ACTIVITY: Stop at the line that contains "Durable 300D Polyester". Until then, set down each line of the records exactly, beginning with the first, and skip pictures.

Saved entries

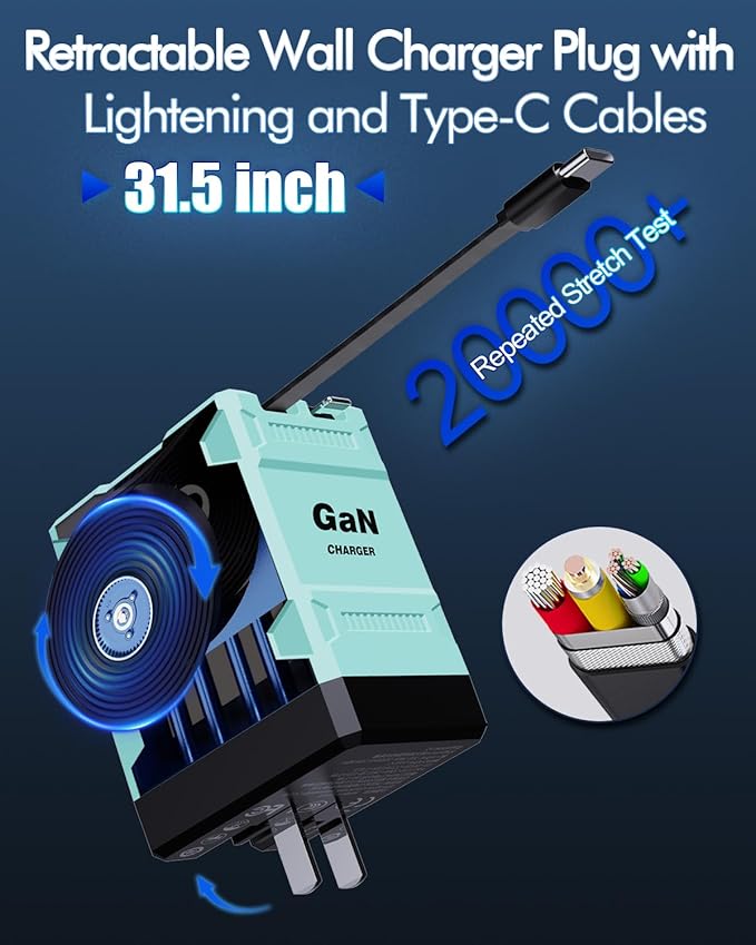 - Retractable Phone Charger with Dual Cables:Our iPhone charger fast charging comes with Type-C and Lightning cables that extend up to 31.5 inches. Tested over 20,000 stretches, the cables automatically retract for easy storage, keeping your kitchen, office, travel space, and bedroom clean and organized—no more tangled cables.
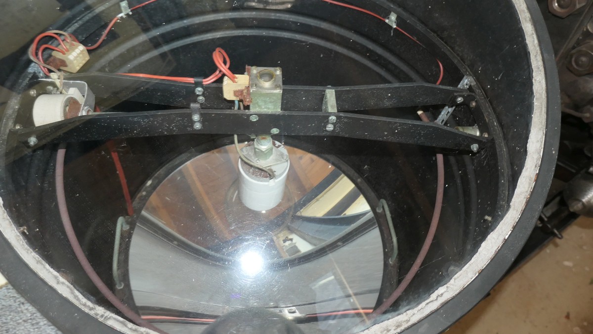 Spiegels. Der bogenförmige Heizstab diente zum Abschmelzen einer Schneedecke auf der Glasabdeckung und zur Verhinderung von Tauansatz. |
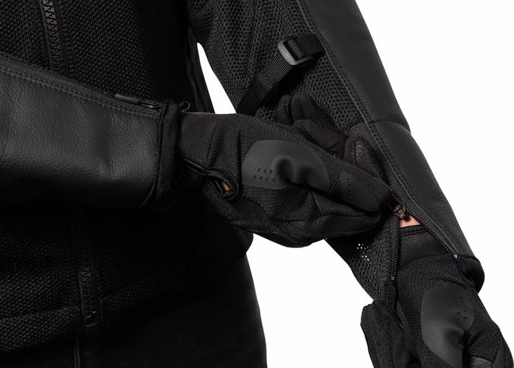 Durable 300D Polyester and Iron Weave ™ Mesh Chassis, 1.2 mm-1.4 mm Tracspec ™ Leather in Primary Crash Zone, Adjustable Waist and Arm Strap, ICon® Sport Fit, YKK® Zippers, Back Protector EN 1621-2 Level 1, EN170-70-2
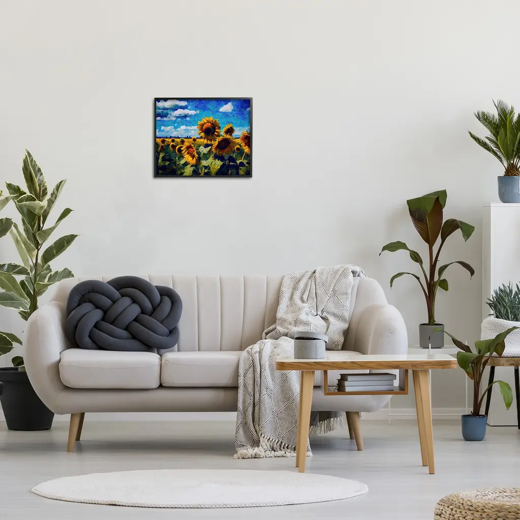 Add dimension to any room with our textured Framed Giclee Artwork. Our framed artwork is securely mounted into a 1.5-inch thick wood grain frame and ready to hang. Frames are available in three alluring styles: black, gray farmhouse and white. In addition, you should check out our oversized options if you want a statement piece. Stupell Wall Art is made in the USA.Features: Dimensions: 14 x 1.5 x 11 FramedFramed Giclee Products are available in the sizes 14"x11", 20"x16" or 30"x24". All Framed Giclee Products have a 1.5" Depth. Wall Art is Ready to Hang with Hardware Free Hanging. No installation required. For Easy Set Up Lean or Layer Artwork on Shelf or Against Wall.Our giclée prints are carefully mounted on a durable MDF backing, and then perfectly finished in a 1.5 inch thick woodgrain frame. Mounted frame colors include black, gray farmhouse and white. Made In USA.Artwork Relates To: Painting, Nature, Field, Landscape, Plant, Vegetation, Scenery, Meadow, Sunflower, Floral, Flower, CountryDesign by Gina Kelly
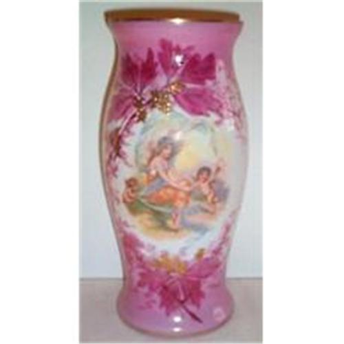 This extremely STUNNING Hand Painted Bristol Glass Vase is decorated with adorable cherubs on a pink scrolled background. This vase is in SUPERIOR condition with no chips, cracks or dings and it measures 6" in diameter and is 12.50" tall. This vase has very little wear to any of the painting.
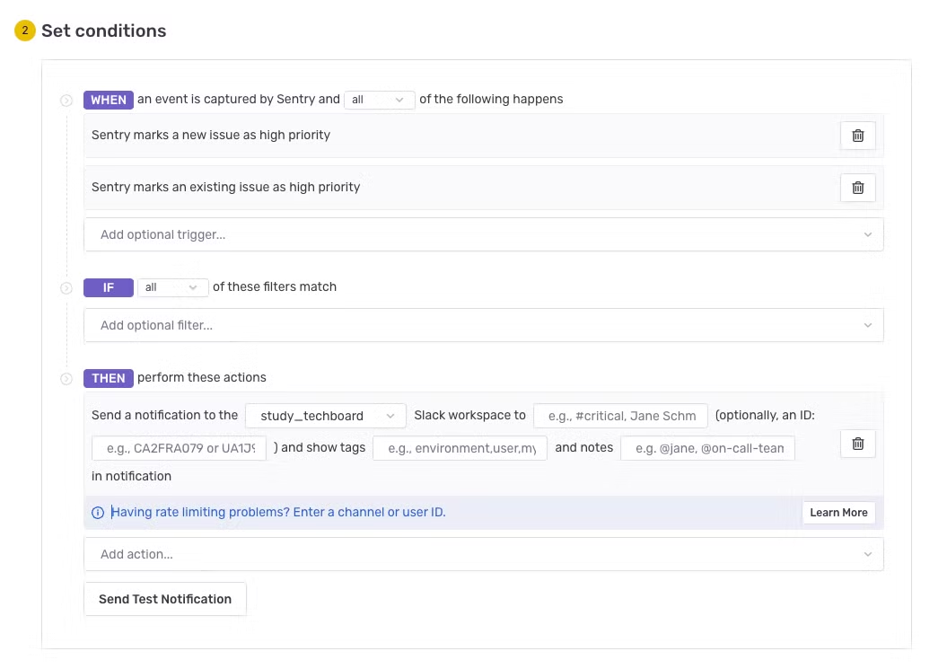 8. Set Conditions - Then 부분에서 Send a Slack notification을 선택합니다.
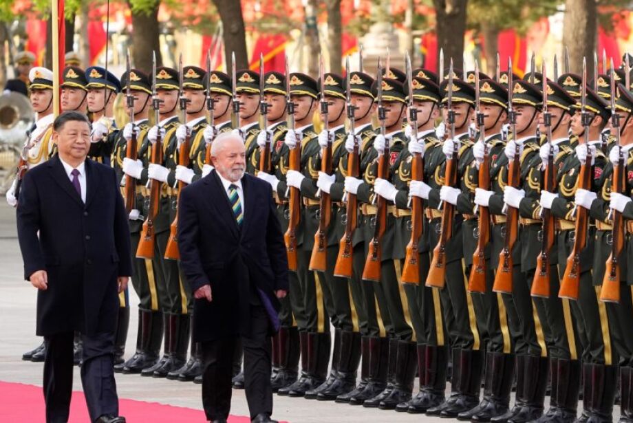 A recepção de Lula pelo presidente da China teve a banda do exército chinês tocando o Hino Nacional do Brasil e até a música “Novo Tempo”, famosa na voz do cantor Ivan Lins nos anos 1980.

RESPONSE BOX:
 - Retractable Phone Charger with Dual Cables:Our iPhone charger fast charging comes with Type-C and Lightning cables that extend up to 31.5 inches. Tested over 20,000 stretches, the cables automatically retract for easy storage, keeping your kitchen, office, travel space, and bedroom clean and organized—no more tangled cables.
 Spiegels. Der bogenförmige Heizstab diente zum Abschmelzen einer Schneedecke auf der Glasabdeckung und zur Verhinderung von Tauansatz. |
 Durable 300D Polyester and Iron Weave ™ Mesh Chassis, 1.2 mm-1.4 mm Tracspec ™ Leather in Primary Crash Zone, Adjustable Waist and Arm Strap, ICon® Sport Fit, YKK® Zippers, Back Protector EN 1621-2 Level 1, EN170-70-2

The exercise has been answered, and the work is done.